Fish Audio API

The Fish Audio API provides RESTful access to text-to-speech, speech-to-text, voice cloning, and voice management capabilities backed by the Fish Audio S2-Pro model. Endpoints support streaming low-latency generation, multilingual synthesis across 30+ languages, emotion control, and on-the-fly custom voice creation from short reference clips. The API is consumed through the Fish Audio Python, Go, and TypeScript SDKs and a community of integrations including n8n.

API entry from apis.yml

apis.yml Raw ↑
aid: fish-audio:fish-audio-api
name: Fish Audio API
description: The Fish Audio API provides RESTful access to text-to-speech, speech-to-text, voice cloning,
  and voice management capabilities backed by the Fish Audio S2-Pro model.
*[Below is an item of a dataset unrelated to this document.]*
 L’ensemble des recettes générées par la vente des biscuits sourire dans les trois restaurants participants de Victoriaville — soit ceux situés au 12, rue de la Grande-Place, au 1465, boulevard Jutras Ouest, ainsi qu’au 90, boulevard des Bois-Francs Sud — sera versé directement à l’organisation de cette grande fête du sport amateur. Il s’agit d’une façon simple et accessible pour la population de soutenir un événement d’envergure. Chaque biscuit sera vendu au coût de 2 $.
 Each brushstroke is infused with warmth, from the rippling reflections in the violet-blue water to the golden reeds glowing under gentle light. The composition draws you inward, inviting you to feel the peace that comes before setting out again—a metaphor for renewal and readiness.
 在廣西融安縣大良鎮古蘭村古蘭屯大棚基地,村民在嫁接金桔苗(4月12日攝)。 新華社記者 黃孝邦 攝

Endpoints support streaming
  low-latency generation, multilingual synthesis across 30+ languages, emotion control, and on-the-fly
  custom voice creation from short reference clips. The API is consumed through the Fish Audio Python,
  Go, and TypeScript SDKs and a community of integrations including n8n.
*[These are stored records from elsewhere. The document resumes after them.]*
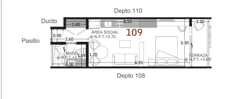 The unit encompasses 34 square meters and contains one bedroom, one bathroom, a living area, and an equipped kitchen. It includes a balcony.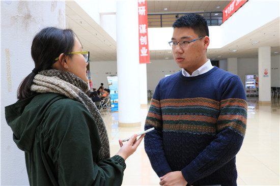 招聘会现场,应聘者和招聘者激烈地沟通交谈着。数不尽的公司摊位令应聘者应接不暇,一个大三应聘者称赞道:“今天的排场真大,我为此准备了整整一年觉得很值得。”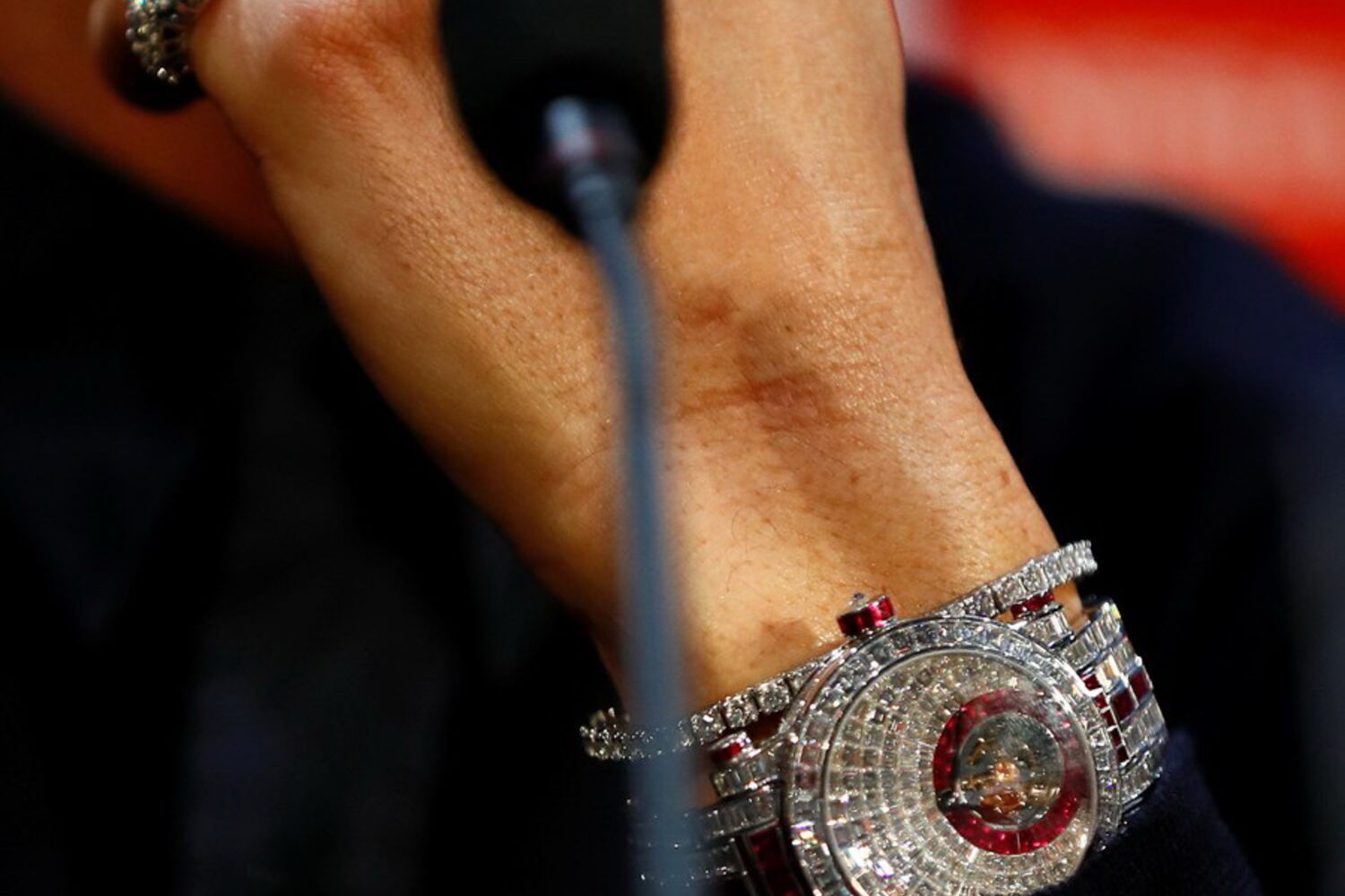 A peça de relojoaria não ficou indiferente a ninguém. O relógio, da marca Franck Muller, é composto por 424 brilhantes brancos e vermelhos.

humanURL: https://docs.fish.audio
baseURL: https://api.fish.audio
tags:
- Text to Speech
- Voice Cloning
- Speech to Text
- Streaming
- REST
- Audio
properties:
- type: Documentation
  url: https://docs.fish.audio
- type: GettingStarted
  url: https://docs.fish.audio/quickstart
- type: Playground
  url: https://fish.audio/discovery
- type: SDK
  url: https://github.com/fishaudio/fish-audio-python
- type: SDK
  url: https://github.com/fishaudio/fish-audio-go
- type: GitHubOrganization
  url: https://github.com/fishaudio
features:
- name: Text-to-Speech Generation
  description: Synthesize natural, emotionally expressive speech from text using the Fish Audio S2-Pro
    model across 30+ languages.
- name: Voice Cloning
  description: Create custom voice models from as little as 15 seconds of reference audio for downstream
    TTS.
- name: Speech-to-Text Transcription
  description: Transcribe audio with multispeaker detection and emotion tagging metadata.
- name: Streaming Audio
  description: Low-latency streaming responses suitable for real-time agent, IVR, and live narration use
    cases.
- name: Emotion and Prosody Control
  description: Inline emotion tags (angry, sad, excited) and special effects (laughing, sobbing) for expressive
    output.
- name: Multilingual Synthesis
  description: Native support for English, Mandarin, Japanese, Korean, and more than 25 additional languages.
- name: Voice Library
  description: Access to a hosted library of more than two million pre-built voices for instant TTS generation.
useCases:
- name: Audiobook and Podcast Production
  description: Generate full-length narrated content with multi-character voices via Story Studio workflows.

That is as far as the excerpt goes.